WORK REQUEST
Once the pictures are set aside, repeat all of the data below exactly.

INFORMATION

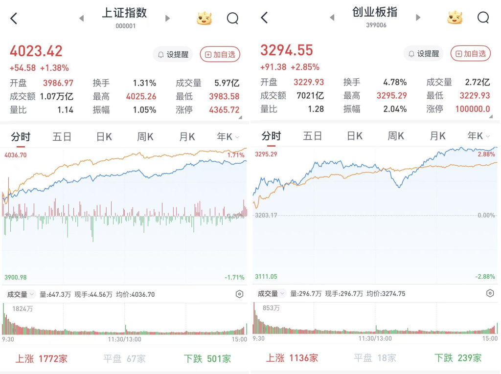 至收盘,上证综指涨1.38%,报4023.42点;科创50指数涨4.41%,报1403.41点;深证成指涨2.24%,报13828.63点;创业板指涨2.85%,报3294.55点。
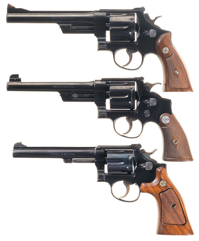 Three Smith & Wesson Double Action Revolvers -A) S&W .44 Hand Ejector 4th Model Target Revolver
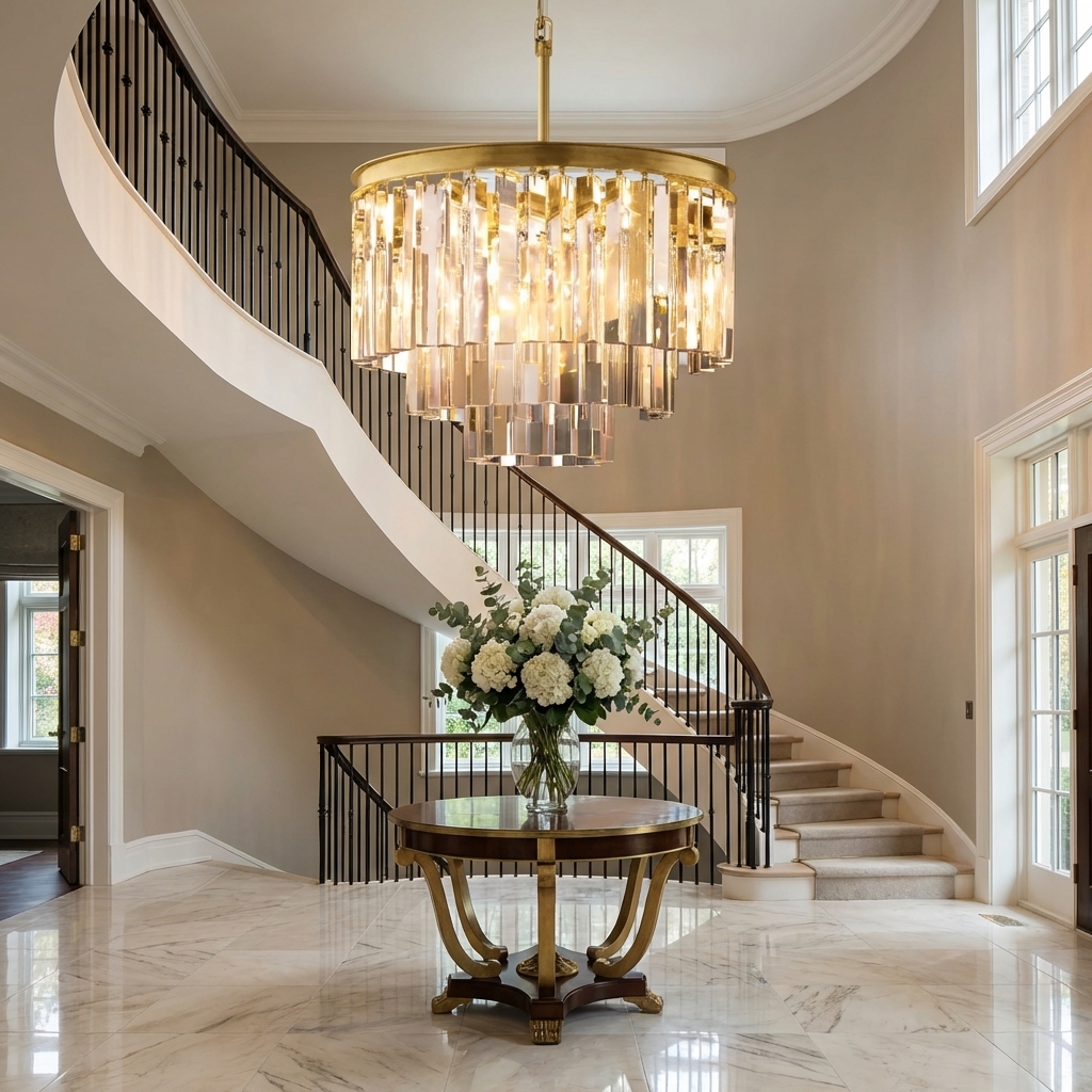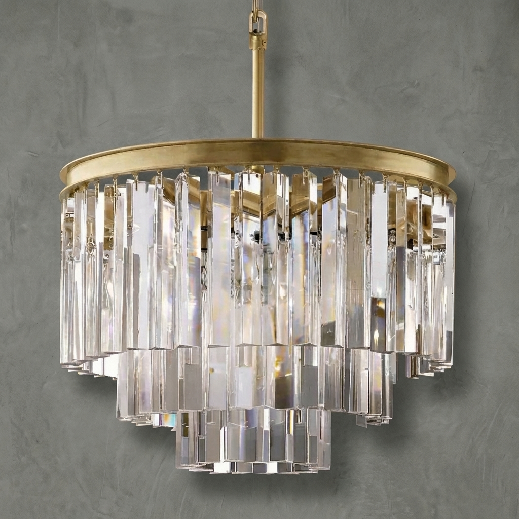 The Prismatique Classicm Round Chandelier 20" brings sculptural glamour to interiors with tiered K9 crystal prisms suspended within a bold geometric metal frame. Crisp lines, brilliant refraction, and a refined tiered silhouette make this chandelier a striking choice for dining rooms, living rooms, bedrooms, hotel hallways, and foyer entryways.
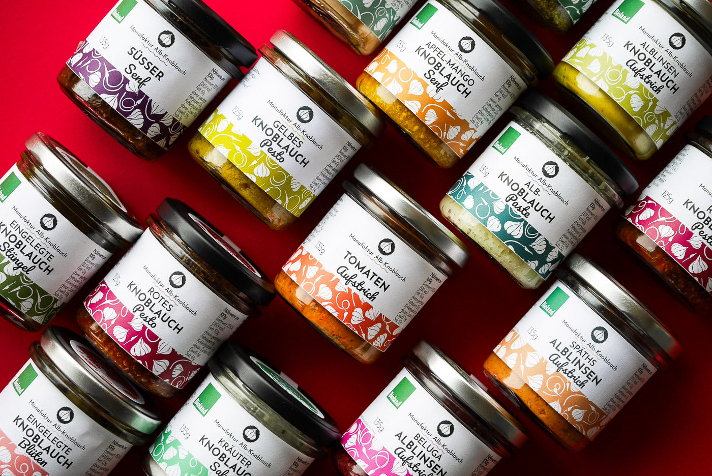 Wir sind Szilvi und Max mit Team: Karin und Fritz und wir pflanzen auf unseren Äckern auf der Schwäbischen Alb viele Knoblauchsorten biologisch an. In der hofeigenen Manufaktur entwickeln und stellen wir verschiedene Knoblauchspezialitäten her.
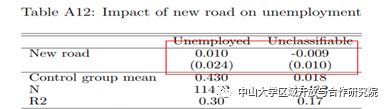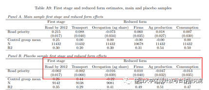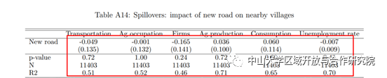 如果劳动力发生变化,那么文章很难去解释农业或者非农业就业者的变动。表A12显示,道路不会对未就业和未识别出的就业的成人产生影响,所以这种由于劳动力变化带来的潜在偏误也是不成立的。
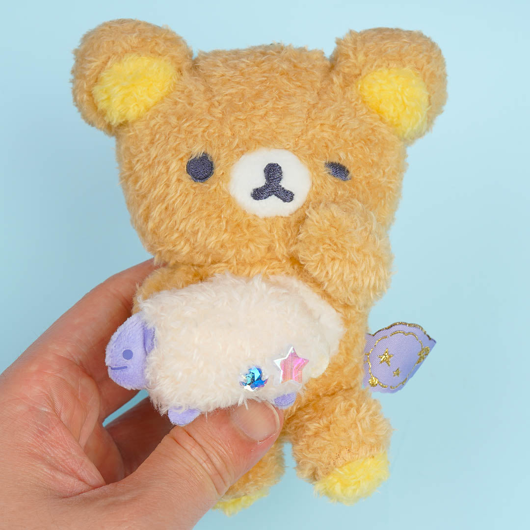 This Rilakkuma plush charm is ready to count sheep before it sleeps. You can take it along with you when you head off to the cafe! Attach it to your favorite bag with its removable ball chain.
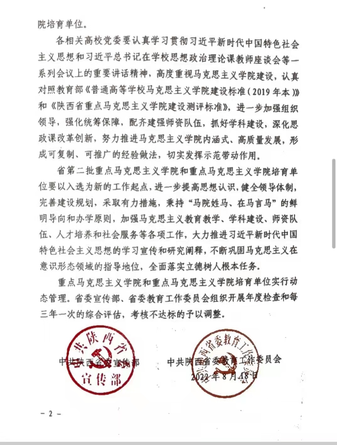 近日,中共陕西省委宣传部、中共陕西省委教育工委发布《关于印发陕西省第二批重点williamhill英国官网和重点马克思主义培育名单的通知》(陕宣字【2022】143号),williamhill英国官网经自主申报、现场答辩、实地考察、会议研究及社会公示等相关工作程序,被确定为陕西省第二批重点马克思主义培育单位。

WRITTEN REPLY
 至收盘,上证综指涨1.38%,报4023.42点;科创50指数涨4.41%,报1403.41点;深证成指涨2.24%,报13828.63点;创业板指涨2.85%,报3294.55点。
 Three Smith & Wesson Double Action Revolvers -A) S&W .44 Hand Ejector 4th Model Target Revolver
 The Prismatique Classicm Round Chandelier 20" brings sculptural glamour to interiors with tiered K9 crystal prisms suspended within a bold geometric metal frame. Crisp lines, brilliant refraction, and a refined tiered silhouette make this chandelier a striking choice for dining rooms, living rooms, bedrooms, hotel hallways, and foyer entryways.
 Wir sind Szilvi und Max mit Team: Karin und Fritz und wir pflanzen auf unseren Äckern auf der Schwäbischen Alb viele Knoblauchsorten biologisch an. In der hofeigenen Manufaktur entwickeln und stellen wir verschiedene Knoblauchspezialitäten her.
 如果劳动力发生变化,那么文章很难去解释农业或者非农业就业者的变动。表A12显示,道路不会对未就业和未识别出的就业的成人产生影响,所以这种由于劳动力变化带来的潜在偏误也是不成立的。
 This Rilakkuma plush charm is ready to count sheep before it sleeps. You can take it along with you when you head off to the cafe! Attach it to your favorite bag with its removable ball chain.
 近日,中共陕西省委宣传部、中共陕西省委教育工委发布《关于印发陕西省第二批重点williamhill英国官网和重点马克思主义培育名单的通知》(陕宣字【2022】143号),williamhill英国官网经自主申报、现场答辩、实地考察、会议研究及社会公示等相关工作程序,被确定为陕西省第二批重点马克思主义培育单位。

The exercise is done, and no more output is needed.